Monday, 29 December 2008

Using GPULib 1.0

Now that I've got GPULib 1.0 up and running, I'm making use
of the new functional forms of the library routines to write
kernel-based algorithms. Given a set of m n-dimensional
observation vectors G_i

G_i = ( g_1, g_2 ... g_n )_i, i=1,2,...m,

in the form of a m x n data matrix:

G = ( G_1, G_2, ... G_m)^T

where ^T denotes transposition, I want to calculate the symmetric
m x m Gaussian kernel matrix

K_ij = exp(-gma ||G_i-G_j||^2 ), i,j = 1,2,...m.

In ordinary IDL:

function kernel_matrix, G, gma=gma
m = n_elements(G[0,*])
K = transpose(total(G^2,1))##(intarr(m)+1)
K = K + transpose(K) - 2*G##transpose(G)
return, exp(-gma*K)
end


WIth GPULib:

function gpukernel_matrix, G_gpu, gma=gma
m = G_gpu.dimensions[1]
n = G_gpu.dimensions[0]
onesm_gpu = gpuputarr(fltarr(m)+1)
onesn_gpu = gpuputarr(fltarr(1,n)+1)
G2_gpu = gpumult(G_gpu,G_gpu)
tmp1_gpu = gpumatrix_multiply(onesn_gpu,G2_gpu)
gpufree,G2_gpu
K_gpu = gpumatrix_multiply(onesm_gpu,tmp1_gpu)
tmp2_gpu = gpumatrix_multiply(tmp1_gpu, $
onesm_gpu,/atranspose,/btranspose)
gpufree,[onesm_gpu,onesn_gpu,tmp1_gpu]
K_gpu = gpuadd(K_gpu,tmp2_gpu,lhs=K_gpu)
gpufree,tmp2_gpu
tmp3_gpu = gpumatrix_multiply(G_gpu,G_gpu, $
/atranspose)
K_gpu = gpuadd(1.0,K_gpu,-2.0,tmp3_gpu,0.0,$
lhs=K_gpu)
gpufree,tmp3_gpu
K_gpu = gpuexp(1.0,-gma,K_gpu,0.0,0.0,$
lhs=K_gpu)
return, K_gpu
end

Since this routine is called many times in the
processing of a multispectral image, a memory
leak would be disasterous.
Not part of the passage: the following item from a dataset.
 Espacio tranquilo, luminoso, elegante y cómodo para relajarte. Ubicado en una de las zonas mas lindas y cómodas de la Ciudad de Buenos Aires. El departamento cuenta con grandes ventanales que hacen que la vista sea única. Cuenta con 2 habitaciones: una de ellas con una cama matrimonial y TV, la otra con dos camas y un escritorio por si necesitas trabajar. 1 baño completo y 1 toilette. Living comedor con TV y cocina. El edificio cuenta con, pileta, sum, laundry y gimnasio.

Note the careful use
of the LHS keyword and of the GPUFREE procedure
to avoid this.

The code is now more readable than for the
procedural forms, but would be more readable
still if there were a GPUTRANSPOSE() function and
if GPUTOTAL() had a dimension parameter.

Friday, 12 December 2008

More on GPULib and Kernel Methods

My last post was way back in August and I'm writing this one really just to keep the blog alive, so to speak. So far I haven't been able to get GPULib 1.0 going on my system, so I have no idea if the programs on my website will still run under 1.0. I'm getting help from Tech-X and haven't given up hope.
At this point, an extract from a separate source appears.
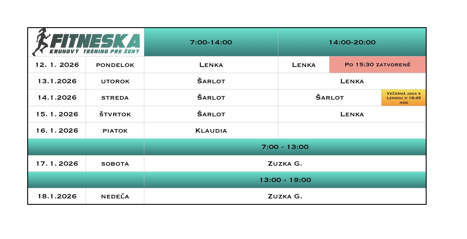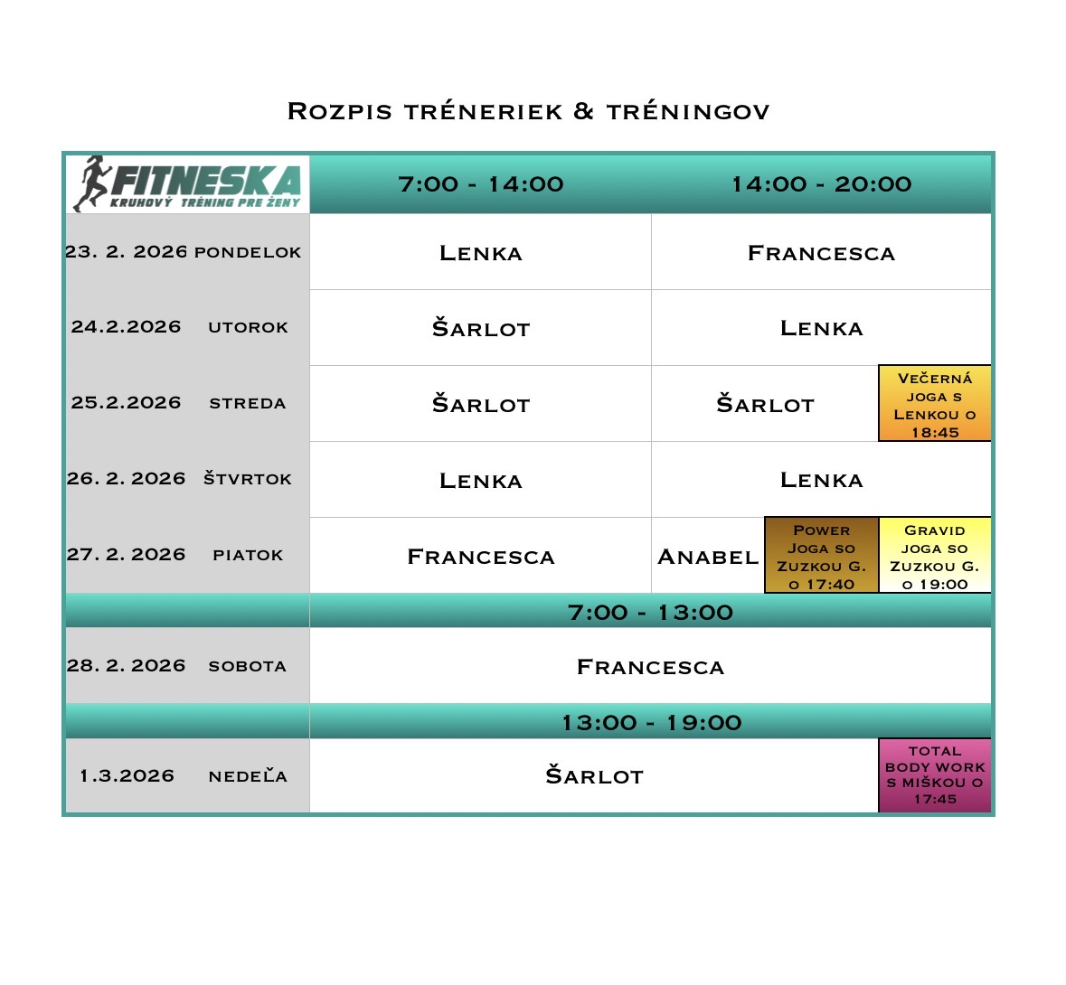 ROZPIS NA TENTO TÝŽDEŇ

Anyway, I'm very keen to apply CUDA (via GPULib) to the kind of nonlinear algorithms (kernel methods) I've described previously. These algorithms involve two steps: training and generalization. In remote sensing applications, the training data set can be kept fairly small (order 10^3), but generalization invariably means processing all the pixel vectors in an image, typically of the order 10^6-10^8. Since generalization can be safely done in single precision and involves manipulation of large matrices, it is a natural task for the GPU.